_RECORDS TO USE:_

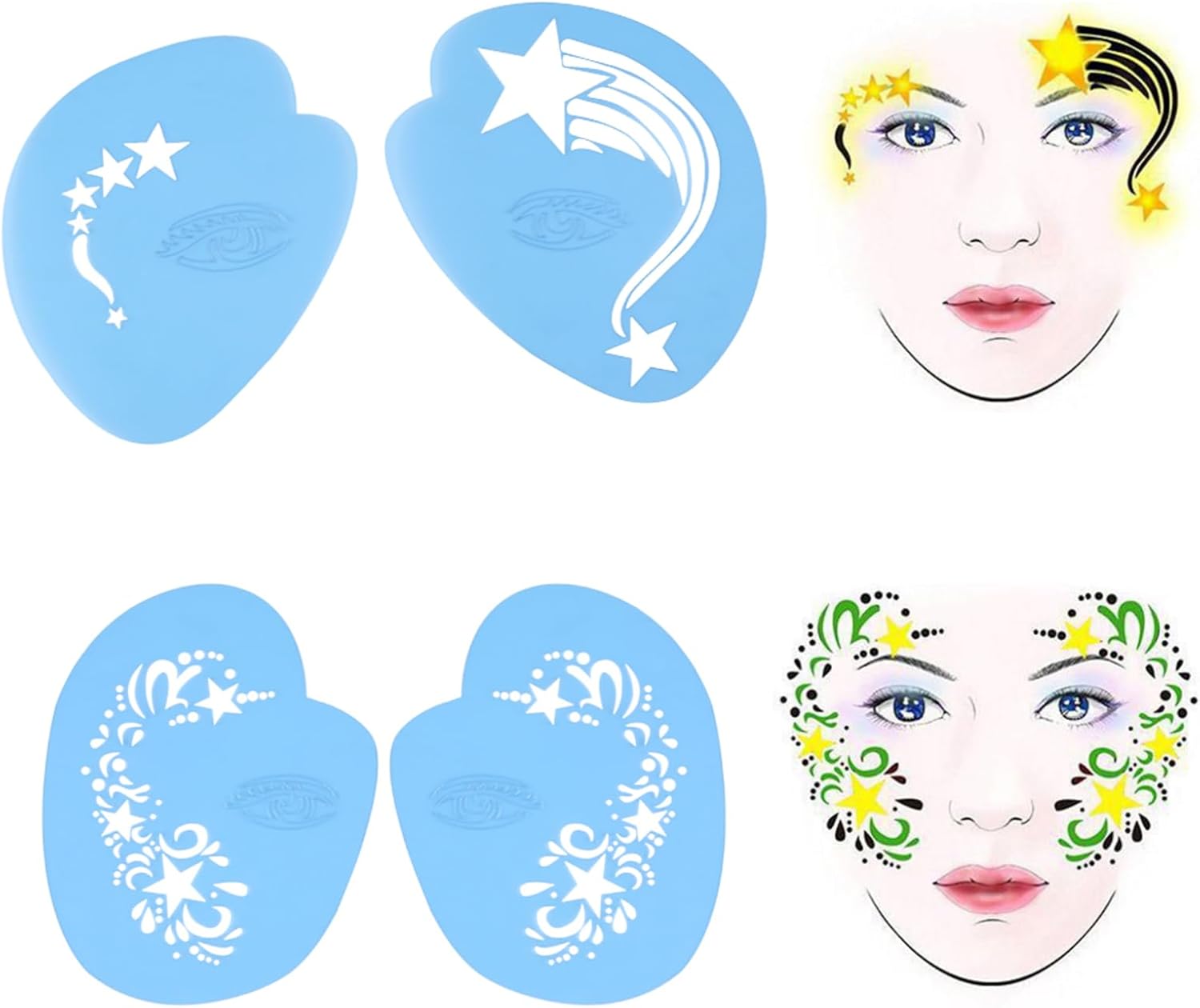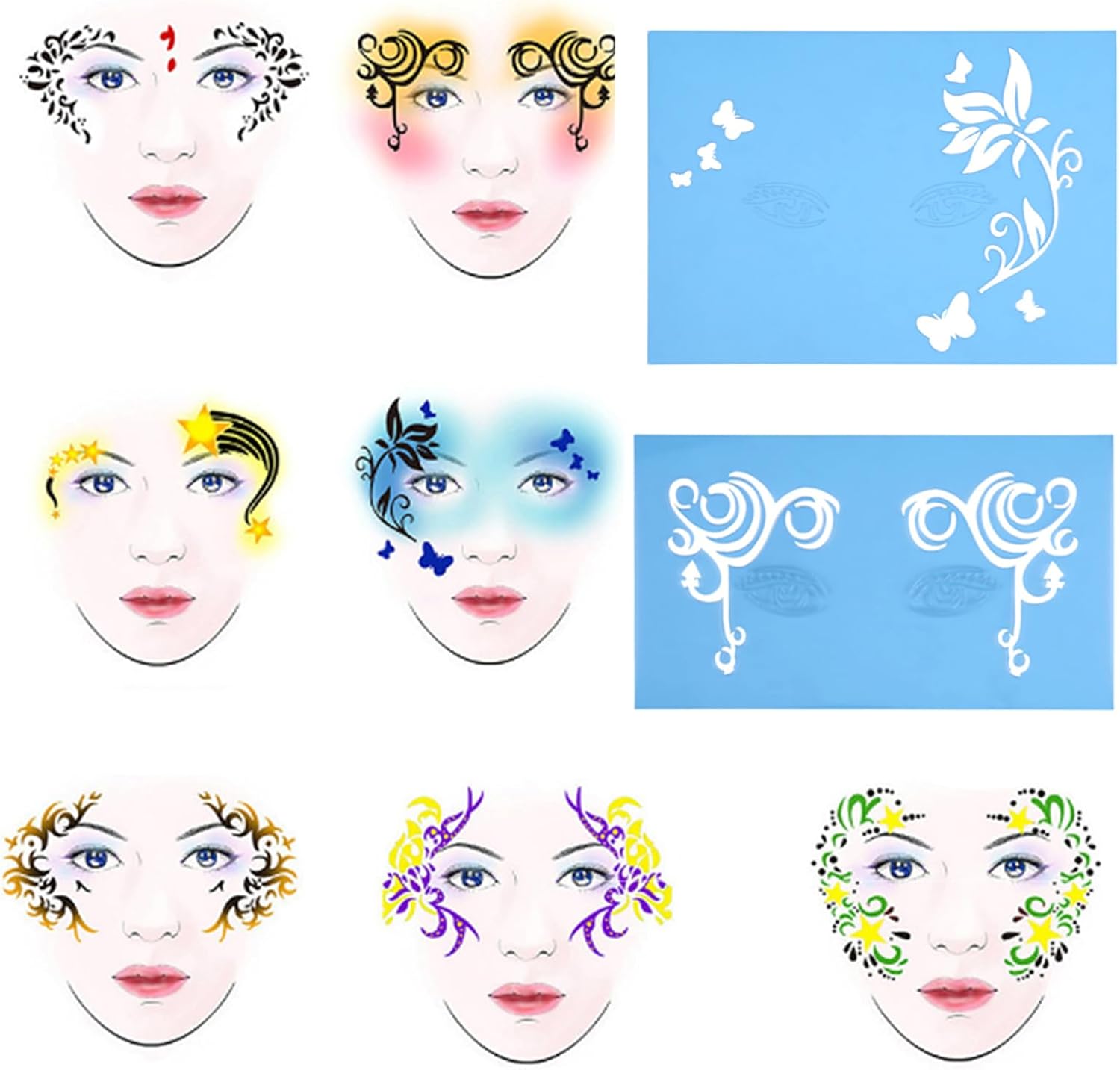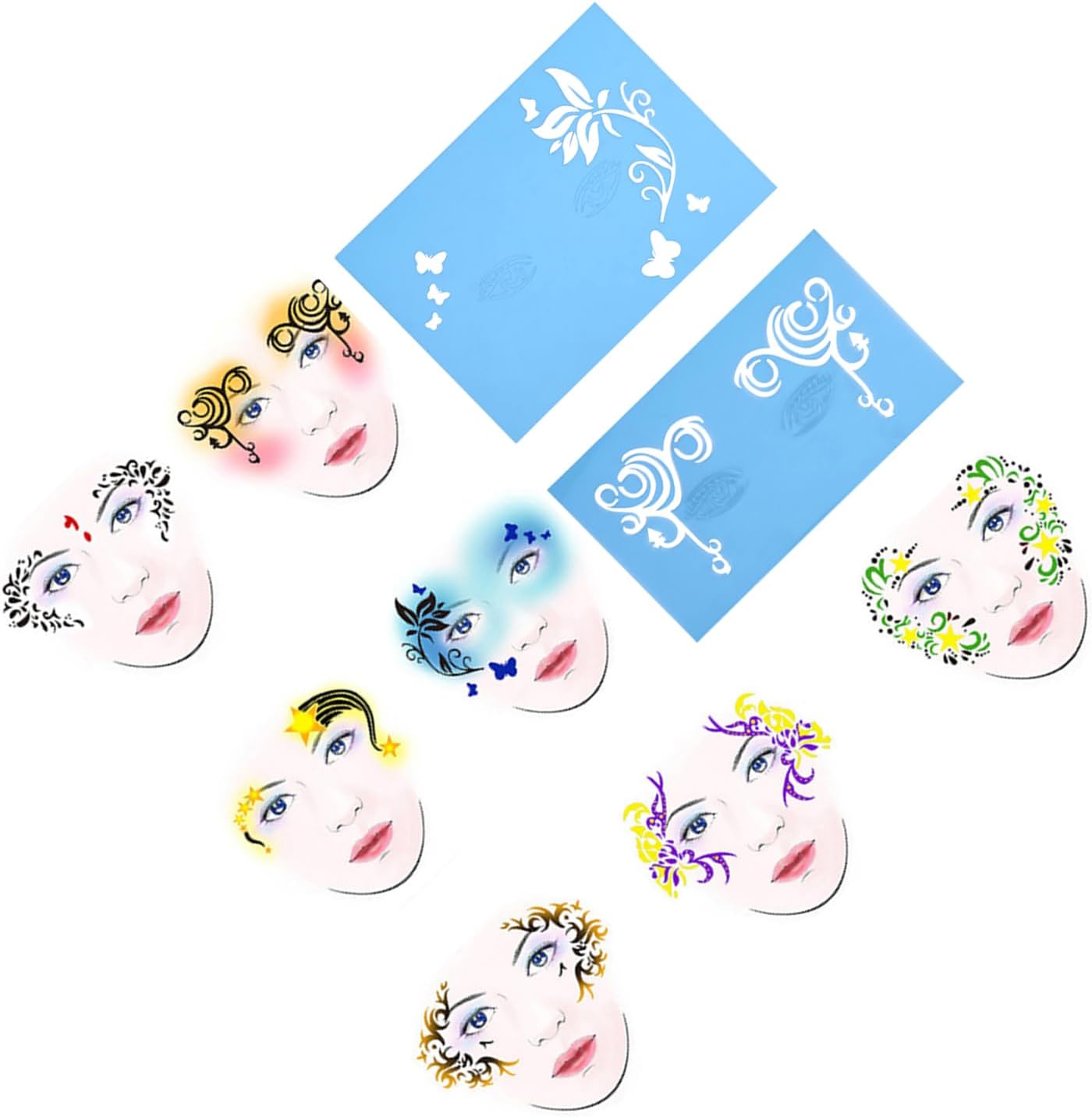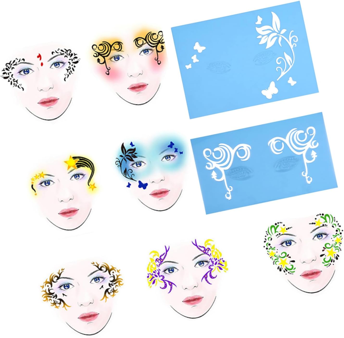 [DESIGN RIUTILIZZABILE] Gli stencil per pittura per il viso sono riutilizzabili per un uso duraturo, consentendo creatività ed espressione artistica illimitate. [VARI MODELLI] Con 13 pezzi in 7 stili diversi, inclusi fiori e farfalle, questi stencil offrono un'ampia gamma di possibilità di design. [FACILE APPLICAZIONE] Questi stencil ti consentono di dipingere in modo rapido e preciso su viso e corpo, ottenendo risultati dall'aspetto professionale con il minimo sforzo. [UTILIZZO VERSATILE] Ogni stencil può essere utilizzato singolarmente o combinato con altri, offrendo infinite opzioni di personalizzazione. [VESTIBILITÀ PERSONALIZZABILE] Gli stencil possono essere facilmente piegati e modellati per adattarsi ai contorni del viso, garantendo una vestibilità adatta a qualsiasi design.
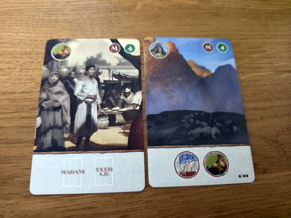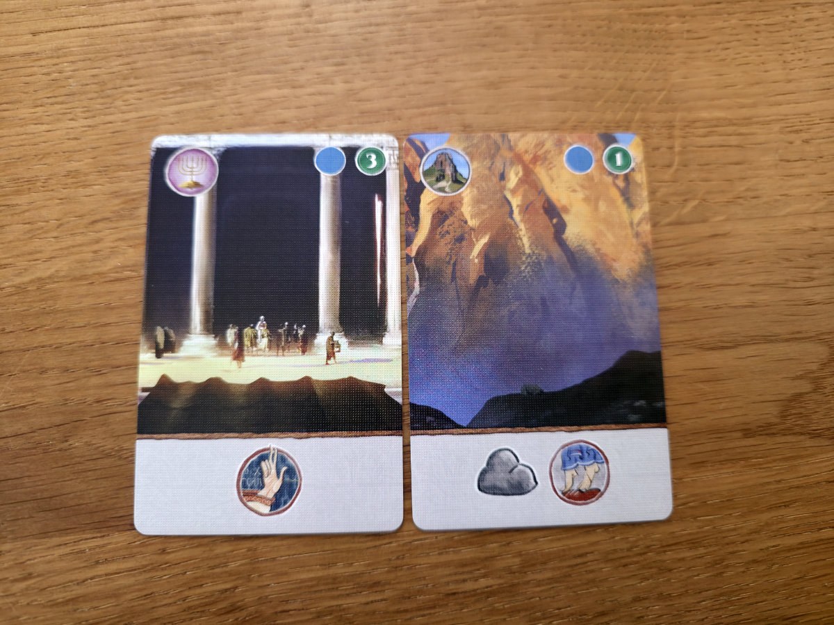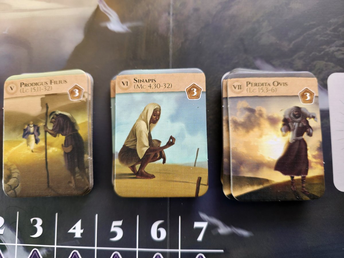 Das zentrale Element ist ein ausgeklügelter Kartenmechanismus. Jede Karte zeigt ein Symbol eines von fünf Orten in und um Jerusalem – etwa den Tempel oder den Markt. Durch das geschickte Ausspielen dieser Karten bilden die Spieler Sets, mit denen sie die Apostel besuchen dürfen und an den Tisch des letzten Abendmahls setzen können. Dies bringt nicht nur Vorteile im Spielverlauf, sondern ist auch thematisch elegant eingebettet. Die Apostel sind nicht nur Spielfiguren, sondern symbolisieren Einfluss und Nähe zu Jesus, welches wiederum Punkte (4-6 je nach Apostel und dann noch je nach Platzierung) bei Spielende bringt.
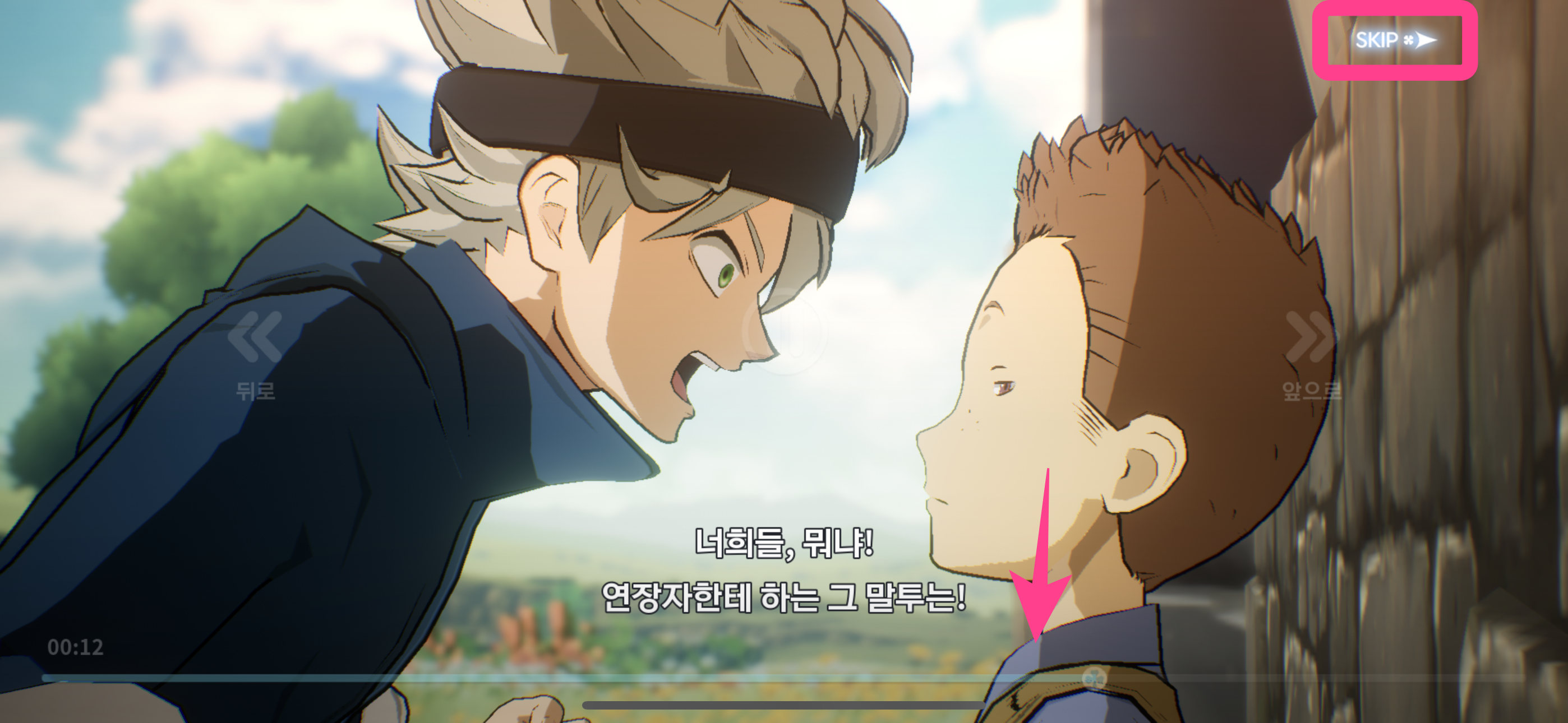 계정을 게스트로 선택한 후 플레이를 진행하다 보면 일정 퀘스트를 완료한 후, 캐릭터 소환을 할 수 있습니다. 스토리 진행 중 영상스킵에 대한 팁을 드리자면, 동영상은 오른쪽 상단에 있는 SKIP 버튼을 누르면 가능합니다. 스킵이 되지 않는 영상의 경우에는 아래쪽의 바를 끝까지 밀어 영상을 빠르게 건너뛸 수 있습니다. 지나간 영상은 [스토리 다시 보기]에서 다시 감상할 수 있습니다.
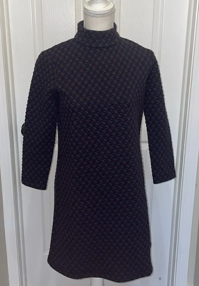 Tuckernuck Navy & Brown Geometric Print Quilted Mock Neck Dress, NWT. Size XS. Care & content tags in photos. 3/4 length sleeves. Fall, autumn, winter, quilted, office, work, warm, cozy, comfy
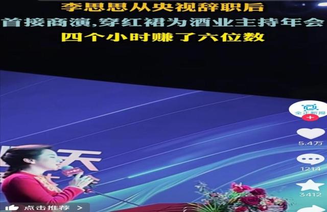 离职以后,李思思身穿一身红色礼服,为某企业主持大型年会,有消息称,仅仅4小时,李思思就赚了6位数。

_TASK PROMPT:_ When you reach the line with "Das zentrale Element" in the entries above, start copying, and go on word for word to the last line; skip any picture.

_TASK RESPONSE:_
 Das zentrale Element ist ein ausgeklügelter Kartenmechanismus. Jede Karte zeigt ein Symbol eines von fünf Orten in und um Jerusalem – etwa den Tempel oder den Markt. Durch das geschickte Ausspielen dieser Karten bilden die Spieler Sets, mit denen sie die Apostel besuchen dürfen und an den Tisch des letzten Abendmahls setzen können. Dies bringt nicht nur Vorteile im Spielverlauf, sondern ist auch thematisch elegant eingebettet. Die Apostel sind nicht nur Spielfiguren, sondern symbolisieren Einfluss und Nähe zu Jesus, welches wiederum Punkte (4-6 je nach Apostel und dann noch je nach Platzierung) bei Spielende bringt.
 계정을 게스트로 선택한 후 플레이를 진행하다 보면 일정 퀘스트를 완료한 후, 캐릭터 소환을 할 수 있습니다. 스토리 진행 중 영상스킵에 대한 팁을 드리자면, 동영상은 오른쪽 상단에 있는 SKIP 버튼을 누르면 가능합니다. 스킵이 되지 않는 영상의 경우에는 아래쪽의 바를 끝까지 밀어 영상을 빠르게 건너뛸 수 있습니다. 지나간 영상은 [스토리 다시 보기]에서 다시 감상할 수 있습니다.
 Tuckernuck Navy & Brown Geometric Print Quilted Mock Neck Dress, NWT. Size XS. Care & content tags in photos. 3/4 length sleeves. Fall, autumn, winter, quilted, office, work, warm, cozy, comfy
 离职以后,李思思身穿一身红色礼服,为某企业主持大型年会,有消息称,仅仅4小时,李思思就赚了6位数。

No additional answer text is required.